# SOURCE MATERIAL
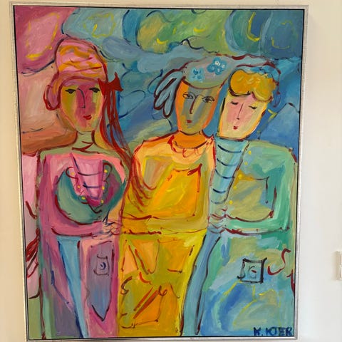 Fedeste farverige maleri, med små collage detaljer. 120x120cm. Jeg kan ikke huske kunster navn, kun at hun hedder Elisabeth.
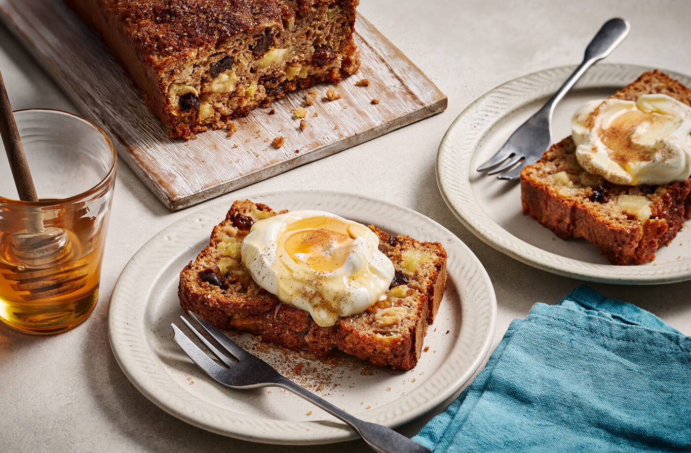 Turn your morning oats into a fun apple pie-inspired breakfast bake. This loaf is sweetened with apple sauce which also adds a little tartness. Mix with raisins, cinnamon and a little brown sugar for a delicious breakfast that's bursting with autumnal flavours.
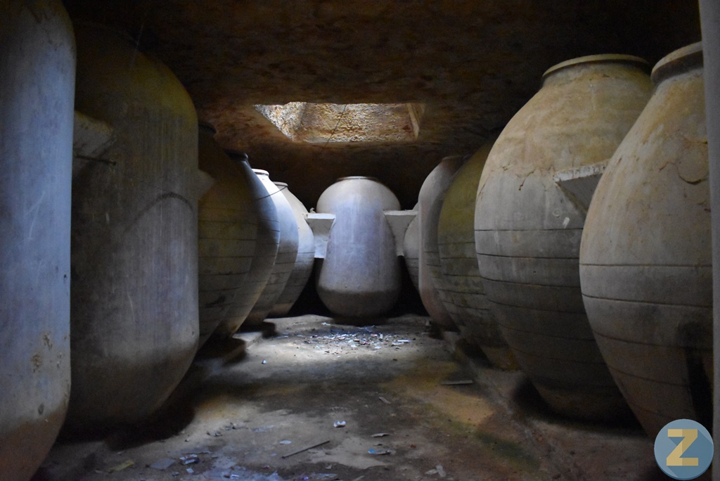 Las tinajas aparecen unidas por un empotre de cemento en buen estado. José María descubre el hueco que ocupó otra tinaja y se observa la tinajera en la que apoyaba el pico de la tinaja y ese hueco que se hacía en la pared para acomodar la panza. La mayoría de las tinajas tienen dos tapones que permitían extraer el vino de diferentes calidades y algunas de las de cemento están pintadas en tono sanguina con el fin de que no desentonara con las de barro.
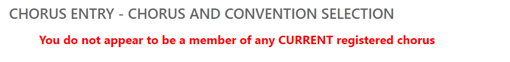 Having selected the correct Contest Group, you will be given a list of the choruses, if any, of which you are a member.  If you are not a member of (or affiliated with) any chorus, you will get an error:

# WORK ITEM
The full text of the data above, exact and without pictures, is what to return.

# ANSWER BELOW
 Fedeste farverige maleri, med små collage detaljer. 120x120cm. Jeg kan ikke huske kunster navn, kun at hun hedder Elisabeth.
 Turn your morning oats into a fun apple pie-inspired breakfast bake. This loaf is sweetened with apple sauce which also adds a little tartness. Mix with raisins, cinnamon and a little brown sugar for a delicious breakfast that's bursting with autumnal flavours.
 Las tinajas aparecen unidas por un empotre de cemento en buen estado. José María descubre el hueco que ocupó otra tinaja y se observa la tinajera en la que apoyaba el pico de la tinaja y ese hueco que se hacía en la pared para acomodar la panza. La mayoría de las tinajas tienen dos tapones que permitían extraer el vino de diferentes calidades y algunas de las de cemento están pintadas en tono sanguina con el fin de que no desentonara con las de barro.
 Having selected the correct Contest Group, you will be given a list of the choruses, if any, of which you are a member.  If you are not a member of (or affiliated with) any chorus, you will get an error:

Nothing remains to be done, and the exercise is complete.